CASE 3 WeddingChannel.com
Anne is sitting at her desk eating her
lunch and surfing the Internet. For a few months, she has been preparing for
her wedding, which will take place in less than a month. She found many helpful
articles that gave her some good ideas. These articles also helped her face
reality and change her childhood dreams of a white carriage pulled by a team of
horses to a stretch limo. She gave up the Snow White wedding gown with a
15-foot train and has now settled on a sleek sheath gown.
In
planning her big day, Anne used the help of WeddingChannel.com to make a
checklist of what she needs to do. The Web site helped her organize a guest
list, design and buy her invitations, set up a gift registry, and post some
information for her friends about how she and Steven met. They met in college
and are from different cities; therefore, they decided to have their wedding
somewhere in between where their friends and family could meet. She used the
resources provided on WeddingChannel.com to book the chapel and restaurant
where the reception would be held.
Every
year, $72 billion is spent on weddings in the United States. The average
American wedding ceremony costs $22,000. The average age of brides is 24.5,
while the average groom is 26.5 year of age. With these statistics, it is no wonder
that WeddingChannel.com has become so popular. Its target market is 18 to 35
years. Approximately 48 percent of engaged couples plan to use the Internet to
help plan their wedding. WeddingChannel.com’s goal is to help couples make
their special day easier to plan and save time finding up-to-date information.
WeddingChannel.com
began on July 15, 1997. The venture has helped not only brides-to-be but also
retailers. Over $100 million was spent purchasing gifts through the site in
2003. WeddingChannel.com’s patented registry system searches 1.5 million
registries from its many retail partners, including Federated Department Stores
(Macy’s, Bloomingdale’s, Burdines, Goldsmith’s-Macy’s, Lazarus-Macy’s and
Rich’s-Macy’s), Tiffany & Co., Crate and Barrel, Neiman Marcus,
Williams-Sonoma, Pottery Barn, Recreational Equipment, Inc. (REI), JCPenney,
and others.
With
access to so many registered couples, WeddingChannel.com has an attractive
market. “Consistently, our targeted marketing tactics have resulted in five
times the average Internet response rate, providing the most effective platform
for companies to build their brand messages during a significant life stage
when brand loyalties are being developed,” said Adam Berger, president and CEO of
WeddingChannel.com. About 89 percent of all gift purchasers buy wedding gifts
from a registry.
WeddingChannel.com
is not only the largest bridal registry online, but it also provides a
comprehensive site that couples can use to plan their wedding. WeddingChannel.com
is a virtual community that provides services for couples who have many
questions. Where do brides start first? Most start with finding the perfect
dress. WeddingChannel.com offers over 20,000 styles of wedding gowns, including
both designer brands and less expensive brands. It also provides a great way to
sort through the many different styles by offering different buttons to select
sleeve length, silhouette, length, and neckline. It even has a virtual model so
the bride-to-be can see how she would look in a particular style of gown. The
site also provides many interactive tools that help couples make a budget,
guest list, wedding page, and registry. There are also many articles that range
from finding a reception site to planning a dream honeymoon.
WeddingChannel.com
is unique because it is a comprehensive destination for couples planning their
wedding. This interactive Web page allows for couples to make a customized
Internet page describing how they met, how they became engaged, their wedding
party, and the theme/colors for the big day. Guests can go online and shop at
the well-known stores associated with WeddingChannel.com and conveniently
purchase exactly what the couple needs for their future together.

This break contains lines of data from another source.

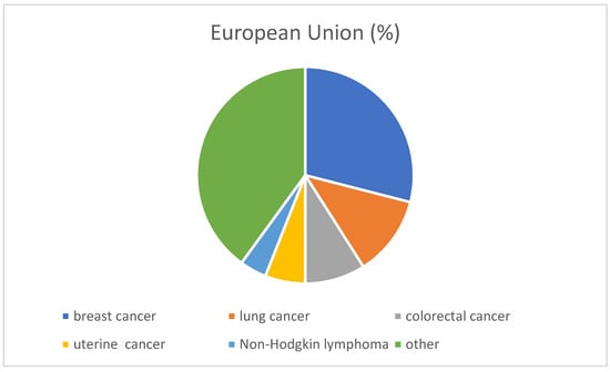- The Organization for Economic Co-Operation and Development. Krajowe profile dotyczące nowotworów: Polska 2023. In EU Country Cancer Profiles; OECD Publishing: Paris, France, 2023. [Google Scholar] [CrossRef]
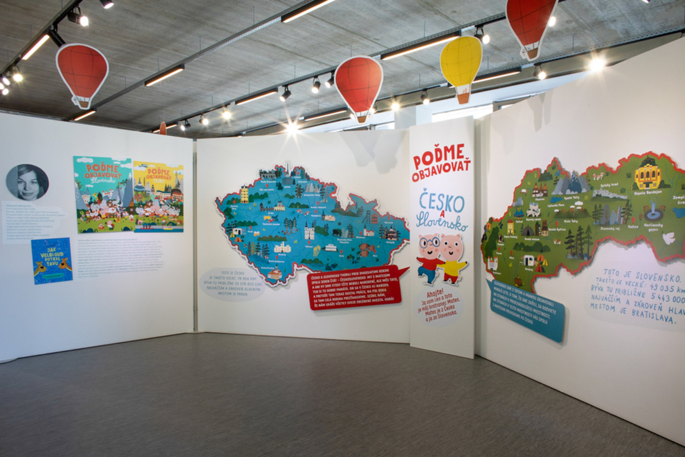 Výstava, ktorá vznikla na motívy kníh známej slovenskej ilustrátorky Márie Nerádovej, náučnou a vtipnou formou prezentuje mestá, pamätihodnosti a prírodné lokality oboch krajín. Pozostáva z dvoch častí: prvá časť výstavy vychádza z knihy Márie Nerádovej Poďme objavovať Slovensko. Na potulkách Slovenskom návštevníci spoznajú Bratislavu, navštívia Festival duchov a strašidiel na Bojnickom zámku, preletia balónom ponad Tatry do Banského múzea v Banskej Štiavnici, v Martine sa poprechádzajú po Múzeu slovenskej dediny, z rebríka spoznajú krásy Slovenského raja, posedia si pri Liptovskej Mare, navštívia jaskyňu či Spišský hrad a oddýchnu si v piešťanských kúpeľoch v termálnej vode, pri vodoliečbe či masáži. V druhej časti výstavy, ktorá vznikla na motívy knihy Pojďme objevovat Česko, sa s hlavnou postavou – prasiatkom Oliverom a jeho zvieracou rodinkou návštevník vydá na potulky Českom. Navštívi hlavné mesto Česka – Prahu, národný park České Švajčiarsko, rozprávkový zámok Hluboká, pozrie si kamenné veže v Adršpašských skalách, raj vlakov a lietadiel v Národnom technickom múzeu, tehlové domčeky v meste topánok Zlíne. Nazrie do priepasti Macocha, poplaví sa na loďke Punkevnou jaskyňou, v Beskydách vyjde k soche Radegasta a k farebným chalúpkam na Pustevnách, sfára do baní v Ostrave, visutou lanovou dráhou sa dostane k „vesmírnej rakete“ – televíznej veži na vrchole Ještěd, v zime sa vyvezie lanovkou na najvyššiu horu Krkonôš Sněžku. Výlet ukončí pod veľkým vianočným stromčekom na námestí v Českom Krumlove.
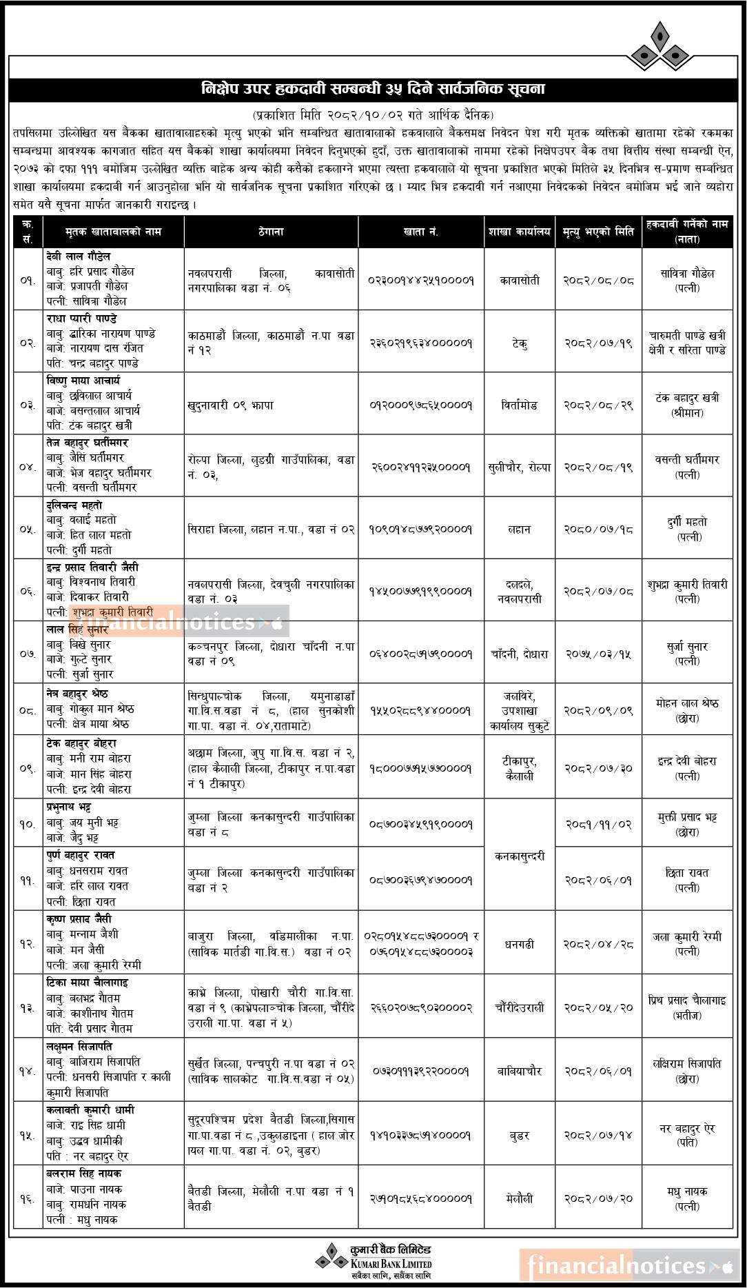 कुमारी बैंकको निक्षेप उपर हकदावी सम्बन्धी ३५ दिने सार्वजनिक सूचना -
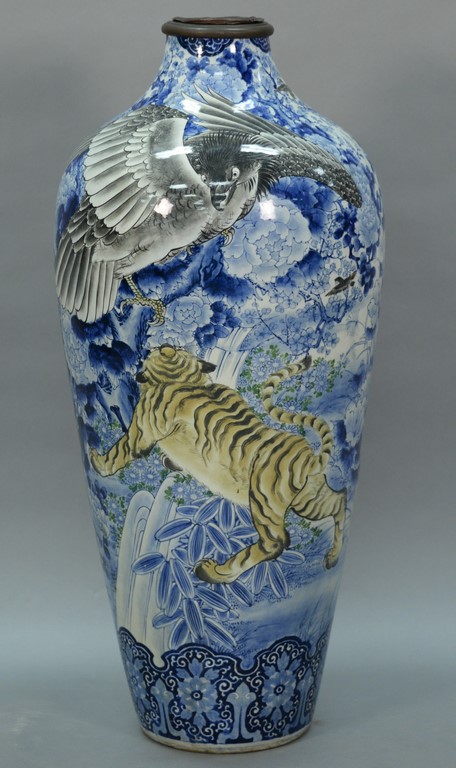 Japanese porcelain palace vase depicting tigers and birds of prey, top cut now fitted with brass sleeve, 19th century.
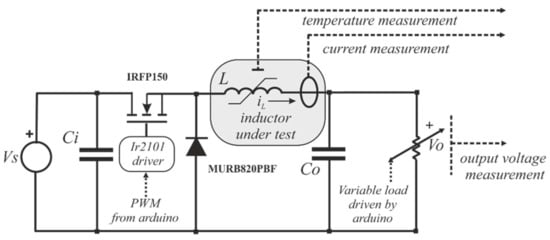 Based on these considerations, this paper analyzes the results obtained with a switching converter, driven by an automated measurement system that performs the test of power inductors in real operating conditions. The feasibility of such a system was previously examined in [28], where the circuit of the SMPS was controlled by a LabVIEW virtual instrument in order to vary the load. In this paper, a new complete version of the circuit is presented including the following improvements: (a) the temperature is taken into account, which allows characterizing the inductor at constant temperature; (b) the parasitic resistance of the winding is preliminarily estimated, and the related drop voltage is considered; (c) the measurements are repeated to assess the mean value and the standard deviation of the results, giving an estimation of the error; (d) a new inductor current sensor is adopted to avoid any influence in the measurement; € the PCB layout is optimized to minimize parasitic inductances and consequent voltage ringing during commutation. The proposed system returns the core saturation curve vs. inductance to be retrieved, as well as the magnetization curve profile, showing the inductance variation with the measured temperature. As an example of application, the characterization of two commercial inductors is proposed here, including them inside the SMPS circuit, retrieving the inductance vs. current curves at different temperatures. Different from [18], the proposed approach can be generalized for power inductors; it is cheaper compared to [22], which uses a temperature chamber, and a commercial system such as [25] and can be built for laboratory purposes. The inductor thermal behavior and modeling are relevant to the DC/DC converter and EMI filter design [23,24,29,30,31]. Our contribution addresses this issue since the characterization always takes into account the temperature measured on the core. Finally, the knowledge on the inductor can be exploited in converters with different layouts since the measured temperature will represent the real operating conditions.

Retail Management - Outline the decision-making process for each of the Chens’ bicycle purchases |
DISCUSSION
QUESTIONS
(1) What are the keys to making
WeddingChannel.com a success from the perspective of the companies investing in
it?
2 Why
would a retailer want to invest in a virtual community like WeddingChannel.com?
- Can you
think of other retailers that might benefit from developing a virtual
community
CASE 4 The Chen Family Buys Bicycles
The Chens live in Riverside, California,
west of Los Angeles. Terry is a physics professor at the University of
California, Riverside. His wife Cheryl is a volunteer, working 10 hour a week
at the Crisis Center. They have two children: Judy, age 10, and Mark, age 8.
In
February, Cheryl’s parents sent her $100 to buy a bicycle for Judy’s birthday.
They bought Judy her first bike when she was five. Now they wanted to buy her a
full-size bike for her eleventh birthday. Even though Cheryl’s parents felt
every child should have a bike, Cheryl didn’t think Judy really wanted one.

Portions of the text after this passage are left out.